N-cadherin-mediated adhesion and aberrant catenin expression in anaplastic thyroid-carcinoma cell lines.

The role of cadherins and catenins in the progression of thyroid carcinoma is unclear. We have investigated alpha-, beta- and gamma-catenins and p120(ctn) in relation to the expression of cadherins in human anaplastic thyroid-carcinoma cell lines (HTh7, HTh74, C643 and SW1736) with Western blotting and immunofluorescence. E-cadherin was lacking except in SW1736, which consisted of E-cadherin-positive (approx. 5%) and -negative cells. The alpha- and beta-catenin levels were similar to those of primary cultured non-neoplastic (E-cadherin-positive) human thyrocytes.
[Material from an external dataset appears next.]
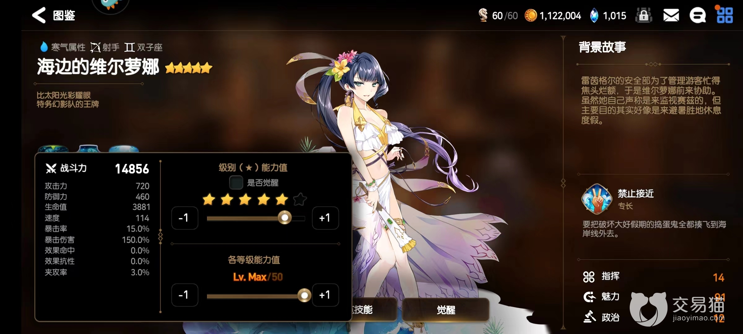 属性:首先攻击力有720,这已经是比较顶尖的水平,意味着她在输出层面有着无与伦比的强度,460的防御也还算看得过去,能够有效减少所受的伤害,3881的生命稍微少了一些,不过考虑到她射手的定位,一般都只会在后排偷输出,不会直接去硬抗对手的爆发,所以无伤大雅。然后速度方面有114,已经属于接近顶尖的水平,面对多数敌人时均有先手优势。整体来看,属性除了血量少些,其他方面都是比较不错的。

In contrast, the expression of gamma-catenin was low and variable, correlating with the different levels of cytokeratin in the same cells (HTh74 > SW1736 > C643 > HTh7). p120(ctn) resolved as a doublet in Western blots; the approximately 100-kDa band also found in non-neoplastic epithelial cells was reduced whereas the approximately 115-kDa band, corresponding to the fibroblast-type isoform of p120(ctn), was neo-expressed. A DNA-demethylating agent, 5-aza-2'-deoxycytidine, up-regulated E-cadherin in SW1736 and gamma-catenin in SW1736 and C643, whereas the other cell lines were unresponsive; other catenins were not affected. The catenins were generally distributed along the cell borders. Immunostaining, cell-surface biotinylation and co-immunoprecipitation revealed that all cell lines expressed N-cadherin in connection with beta-catenin at the plasma membrane. Incubation with an N-cadherin antibody disrupted cell-cell adhesion. We conclude that E-cadherin-negative anaplastic thyroid-carcinoma cell lines display functional N-cadherin/beta-catenin complexes, partial or complete loss of gamma-catenin, and isoform shift of p120(ctn). The unequal expression of E-cadherin and gamma-catenin and the variable response to DNA de-methylation suggest that anaplastic thyroid carcinoma is not a uniform entity.[1]